Jack strips down to just his boxer shorts, and Rio down to her identical pair plus her army bra. The night is cold, and they are shivering violently before they even touch the icy water.
“Nothing for it but to j-j-jump in,” Jack says, his teeth chattering.
“Yep,” Rio acknowledges with equal dread.
They hesitate at the water’s edge, but a machine gun opens up just fifty yards upstream and that motivates them. The water is brutally cold, just short of turning solid. They each keep a hand on the soggy raft and paddle with the other hand, but it is soon clear that paddling is irrelevant—the river will decide where they go. So t
hey roll onto their backs, extend their legs downstream, and are carried along, pushing water rather than paddling, pushing themselves, willing themselves out of the faster current toward the onrushing far bank.
They land, teeth chattering so badly neither can speak. They empty the raft, put soaking-wet uniforms on over soaking-wet bodies, fill their canteens from the river, drop in water purification tablets, send up silent prayers that their ammo is not all waterlogged. Then they head back east, back toward the sound of guns.
Rio’s watch has stopped, and she sees condensation under the crystal. “W-w-what time you th-think?”
Jack shakes his head violently. “No idea.” His face is as white as a cotton sheet, his lips blue. Rio imagines she looks much the same—like a walking corpse.
Ahead they see distant orange and yellow flashes and hear the short, sharp explosions, the sound flattened by distance.
“That way,” Jack says, and chops the air. “If we d-d-don’t f-f-f-f, shit. Can’t t-t-alk.”
They set off across a plowed field, furrows all but invisible underfoot so they must step high and heel first or else trip.
“Fug!” Jack yells. “Freeze!”
“Already freezing,” Rio snaps in a cold-rattled voice.
“Mines.”
“What?”
“My foot hit something metal.”
The cold is forgotten. Rio looks around, considers where they are, considers that the engineers have cleared only those minefields along the main line of attack—which will not include this field—and says, “Bad.”
Jack, about ten paces ahead, kneels slowly and feels in the dark. “Yeah. Bloody hell, we’re in a minefield.”
They can try to perfectly retrace their steps—not likely to work in the dark—or sit still and hope for help when the sun comes up.
“Stay there,” Rio says. “I’ll feel my way to you.” She, too, squats down and begins to feel through the mud for the telltale touch of steel. Once her immediate circle is cleared, she sets off crawling toward Jack, who has likewise cleared his immediate area—except for the mine he’s already found.
Rio’s little finger brushes something hard and too smooth to be rock. She says, “Got one.” She carefully feels her way past it and places her helmet gently over the mine to mark it. At last she reaches Jack, and now the cold has overcome the warming effect of adrenaline, and both are shaking so badly they can barely speak.
“I think it doesn’t go off until I lift my foot,” Jack says.
“I heard that was bullshit,” Rio says as calmly as she can. She lowers herself to the ground and begins to probe with numb fingers. Jack’s mine is not hard to locate. It is a cylinder about six inches tall, topped by a stem that adds a couple more inches and holds the trigger.
“You didn’t step on the trigger,” Rio says, exhaling relief. “Your toes are just up against it. Don’t move, and I’ll disarm it.”
For this she needs a pin of some sort, and the only pin she can find is one from her own grenades. “I gotta toss it,” she says to Jack. “So squat down but don’t move your foot yet.”
“You think you know how to—” Jack begins, but Rio has pulled the pin and whips her grenade away, as far as she can throw it. It lands, they wait, counting, then . . .

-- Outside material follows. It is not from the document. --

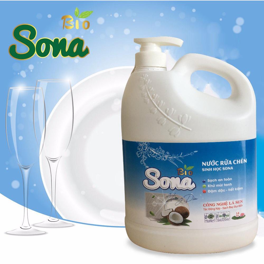 Nước rửa chén/bát sinh học SONA 1.6kg nước rửa bát hữu cơ hương Dừa, hương quế sạch siêu tốc tiết kiệm nước không hại da tay
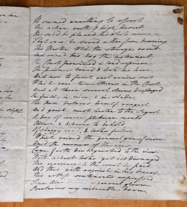 A charming fable, extolling the virtues of all types of dogs: this is apparently an early manuscript fair-copy showing significant differences from the version published by Mrs. Sewell in 1805.

“Dud,” Jack says. “Possibly a result of us drowning the lousy thing.”
Rio awkwardly slips the pin into the hole on the mine’s stem, just as she’d been taught to do a million years ago in basic training.
“Thank you, Sergeant Mackie,” she chatters under her breath. “It’s safe, Stafford. You can move.”
But of course they can’t move far, not in a minefield. And anyway their small reserve of ambition to move on is now all used up. Rio lies down in the mud and Jack lies beside her, and without needing to discuss it they press their bodies together to hold on to what body heat there is.